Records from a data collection
# # # # #

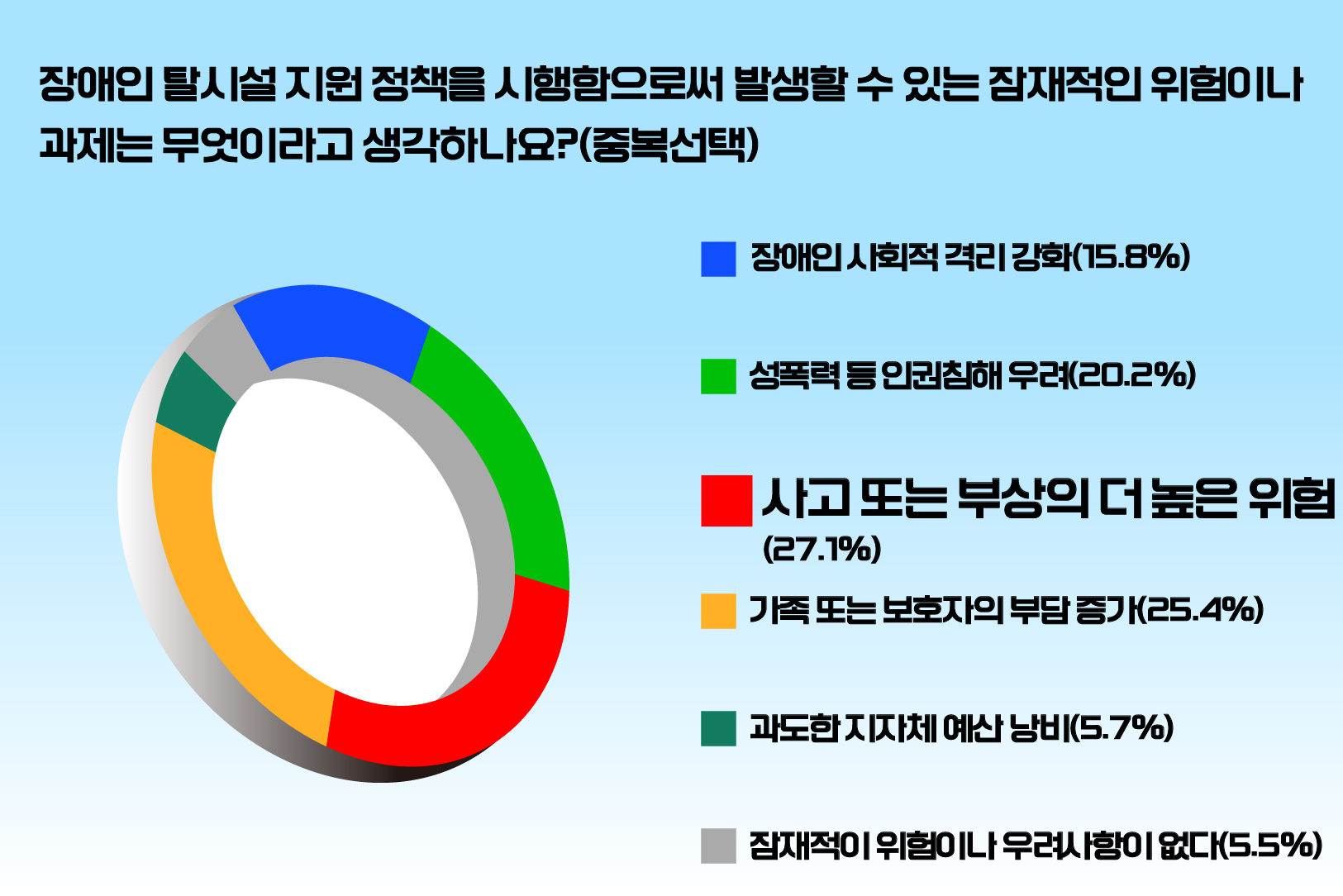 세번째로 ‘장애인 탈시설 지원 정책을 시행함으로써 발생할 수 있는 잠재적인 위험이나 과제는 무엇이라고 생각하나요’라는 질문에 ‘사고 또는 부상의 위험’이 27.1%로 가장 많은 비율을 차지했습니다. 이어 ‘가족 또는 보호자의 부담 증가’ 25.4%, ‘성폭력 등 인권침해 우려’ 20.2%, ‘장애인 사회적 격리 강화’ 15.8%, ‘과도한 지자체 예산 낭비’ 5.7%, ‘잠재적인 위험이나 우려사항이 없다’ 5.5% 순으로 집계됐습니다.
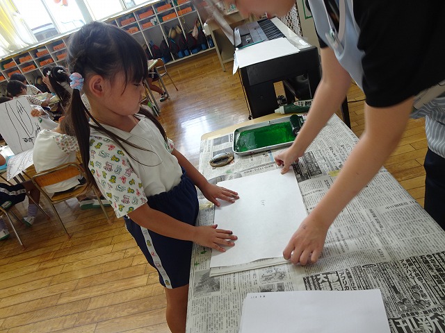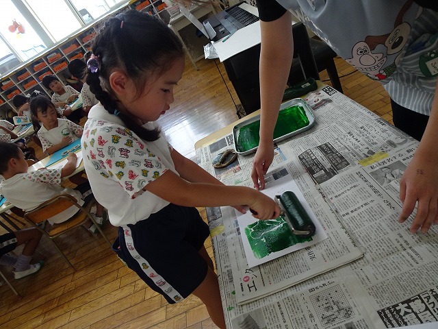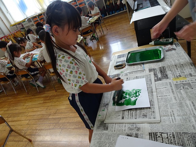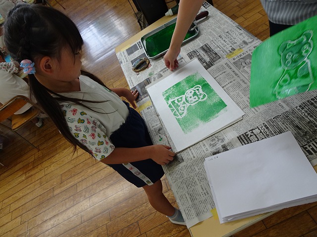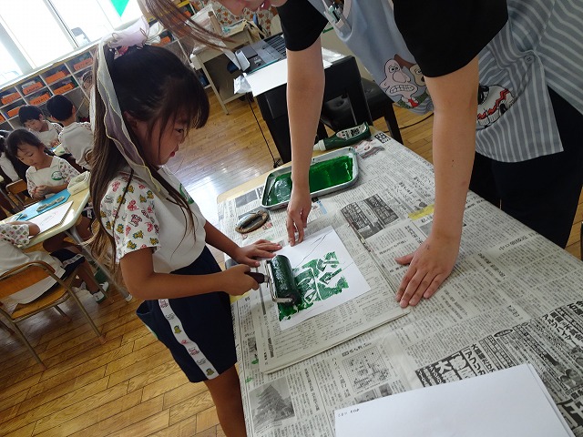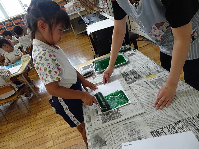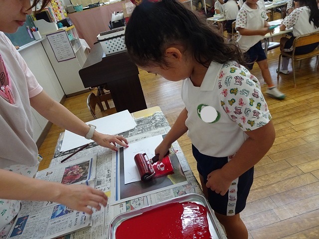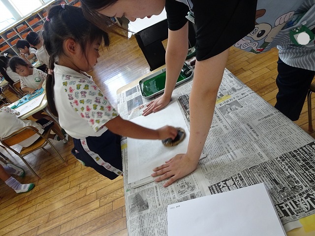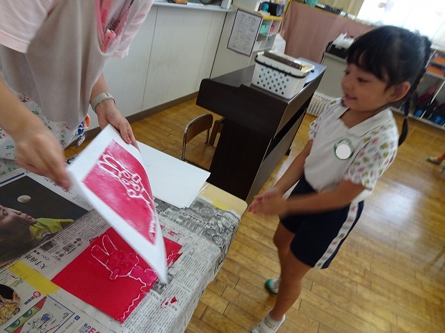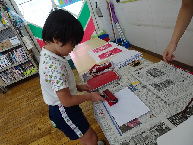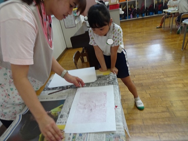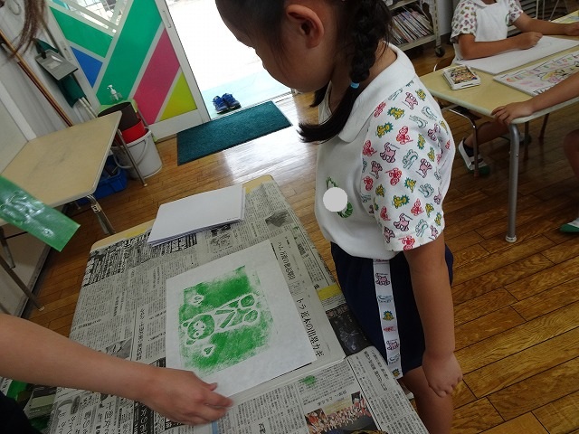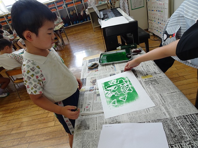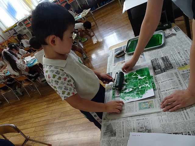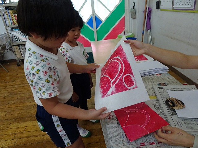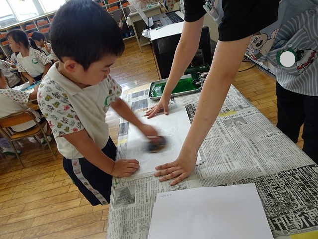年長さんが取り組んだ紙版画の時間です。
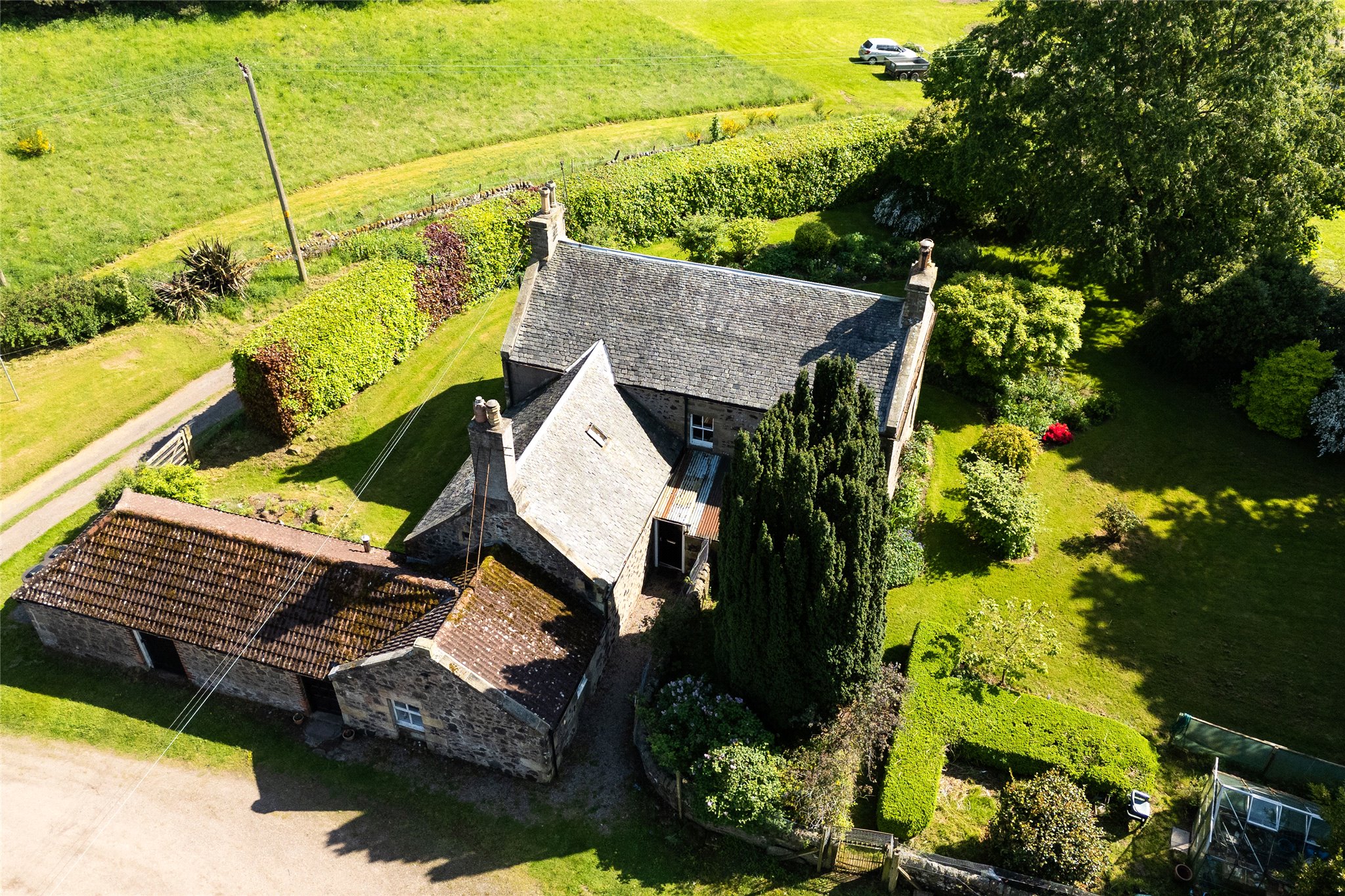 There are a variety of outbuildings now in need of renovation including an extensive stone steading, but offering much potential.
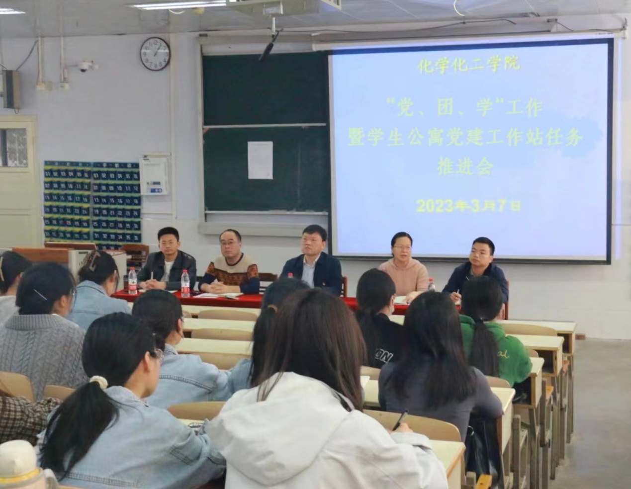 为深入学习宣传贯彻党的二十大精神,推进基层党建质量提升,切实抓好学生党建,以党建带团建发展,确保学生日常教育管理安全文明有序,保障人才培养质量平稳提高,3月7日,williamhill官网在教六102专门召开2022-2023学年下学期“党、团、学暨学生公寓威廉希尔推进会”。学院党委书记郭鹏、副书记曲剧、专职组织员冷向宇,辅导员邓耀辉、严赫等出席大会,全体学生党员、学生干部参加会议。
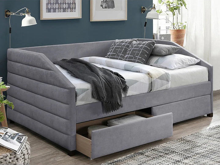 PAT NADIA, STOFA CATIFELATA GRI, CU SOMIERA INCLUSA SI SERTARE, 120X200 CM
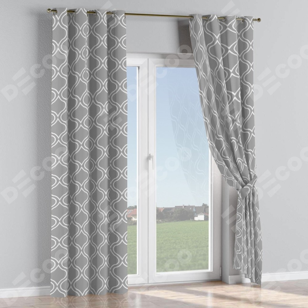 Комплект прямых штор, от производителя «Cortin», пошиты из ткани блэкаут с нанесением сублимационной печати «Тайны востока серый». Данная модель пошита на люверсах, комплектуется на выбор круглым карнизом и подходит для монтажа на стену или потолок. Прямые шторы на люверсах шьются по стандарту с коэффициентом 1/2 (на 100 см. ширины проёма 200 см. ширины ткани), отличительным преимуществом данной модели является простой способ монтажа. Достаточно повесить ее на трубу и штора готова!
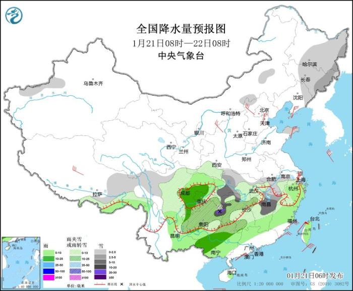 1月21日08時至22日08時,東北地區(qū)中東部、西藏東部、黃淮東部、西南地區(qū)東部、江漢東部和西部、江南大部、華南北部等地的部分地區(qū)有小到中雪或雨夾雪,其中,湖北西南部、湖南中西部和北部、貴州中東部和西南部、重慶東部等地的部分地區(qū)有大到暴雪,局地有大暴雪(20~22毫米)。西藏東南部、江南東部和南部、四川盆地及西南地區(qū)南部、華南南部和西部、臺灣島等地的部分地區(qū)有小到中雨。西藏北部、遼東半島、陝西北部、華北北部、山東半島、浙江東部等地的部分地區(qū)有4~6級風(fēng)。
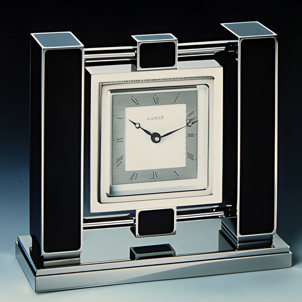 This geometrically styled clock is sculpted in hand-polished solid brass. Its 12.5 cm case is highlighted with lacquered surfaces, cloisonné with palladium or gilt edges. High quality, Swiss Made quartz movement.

# # # # #

■ Task requirements ■
Pictures must be left out of the answer, which should be exactly the lines from the one holding "PAT NADIA, STOFA" through the last line of the entries above, both included; please add nothing.

■ Solution for this exercise ■
 PAT NADIA, STOFA CATIFELATA GRI, CU SOMIERA INCLUSA SI SERTARE, 120X200 CM
 Комплект прямых штор, от производителя «Cortin», пошиты из ткани блэкаут с нанесением сублимационной печати «Тайны востока серый». Данная модель пошита на люверсах, комплектуется на выбор круглым карнизом и подходит для монтажа на стену или потолок. Прямые шторы на люверсах шьются по стандарту с коэффициентом 1/2 (на 100 см. ширины проёма 200 см. ширины ткани), отличительным преимуществом данной модели является простой способ монтажа. Достаточно повесить ее на трубу и штора готова!
 1月21日08時至22日08時,東北地區(qū)中東部、西藏東部、黃淮東部、西南地區(qū)東部、江漢東部和西部、江南大部、華南北部等地的部分地區(qū)有小到中雪或雨夾雪,其中,湖北西南部、湖南中西部和北部、貴州中東部和西南部、重慶東部等地的部分地區(qū)有大到暴雪,局地有大暴雪(20~22毫米)。西藏東南部、江南東部和南部、四川盆地及西南地區(qū)南部、華南南部和西部、臺灣島等地的部分地區(qū)有小到中雨。西藏北部、遼東半島、陝西北部、華北北部、山東半島、浙江東部等地的部分地區(qū)有4~6級風(fēng)。
 This geometrically styled clock is sculpted in hand-polished solid brass. Its 12.5 cm case is highlighted with lacquered surfaces, cloisonné with palladium or gilt edges. High quality, Swiss Made quartz movement.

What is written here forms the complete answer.